We reviewed the MSA for Payactiv and any documents specifically listed under 'Scope of Review'. For purposes of this report, "Customer" means the party contracting with Payactiv and "Vendor" means Payactiv.
References herein to the "Agreement" are to the following documents:
- The Primary Document: Master Services Agreement ("MSA")
- The following Secondary Document(s) expressly incorporated by reference into the Primary Document and reviewed by TermScout as part of this analysis:
TermScout did not review any documents other than those listed above. If other documents form part of this Agreement, the answers provided by TermScout may be incomplete or incorrect. TermScout's accuracy commitments only cover documents specifically identified in this section.
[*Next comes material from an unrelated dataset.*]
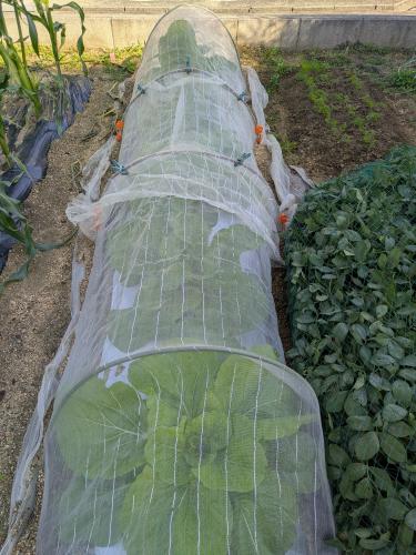 こっちも虫食いがあるけど少しマシな中手白菜。 こっちで葉に穴が空いた株からイモムシ引きずり出して違う世界に送ってあげたので少しスッキリ♪ マルチをめくって一つまみずつ化成肥料を追肥して、早生の白菜で余った農薬を防除でまいた。 こっちはこれからもっと枚数稼いでくれないとな。 大きくしないと。

TermScout did not take product-specific terms into account for this review as their applicability will vary.
Frequently Asked Questions
Find quick answers to the most common questions about our platform, process, and agreements.
Compliance and legal teams often escalate agreements when retention obligations for employee information are vague, overly broad, or disconnected from operational necessity. Additional scrutiny is common when vendors reserve indefinite storage rights for analytics, platform optimization, or historical reporting purposes without clear deletion procedures. Enterprise buyers increasingly expect HR technology providers to define retention timelines precisely because workforce data frequently carries heightened regulatory, employment, and reputational sensitivity.
HR platforms often manage information tied directly to employee records, payroll, benefits, performance management, and sensitive personnel workflows. As a result, retention practices can affect compliance obligations long after the operational relationship ends. Procurement and compliance teams therefore evaluate whether the agreement creates manageable governance controls around archival storage, backup environments, and downstream access by subprocessors or affiliates. Ambiguous retention rights frequently create approval friction because the long-term exposure may be difficult to monitor operationally.
Agreements often attract additional scrutiny when vendors rely on broad “business purposes” language to justify extended retention periods or when deletion obligations exclude operationally significant systems and derivative datasets. Buyers also react cautiously to contracts that provide limited transparency around backup destruction timelines or reserve unilateral authority to modify retention practices after onboarding. Enterprise review standards increasingly favor narrowly scoped retention rights tied to defined operational and regulatory needs.
Compliance teams frequently treat retention provisions as indicators of broader governance maturity and operational discipline. Vendors generally build more confidence when agreements explain how employee data is retained, segregated, deleted, and audited across the service lifecycle. In contrast, inconsistent or heavily discretionary retention frameworks may signal that operational controls are not fully aligned with enterprise workforce governance expectations. These concerns often lead to extended legal review before procurement approval can proceed.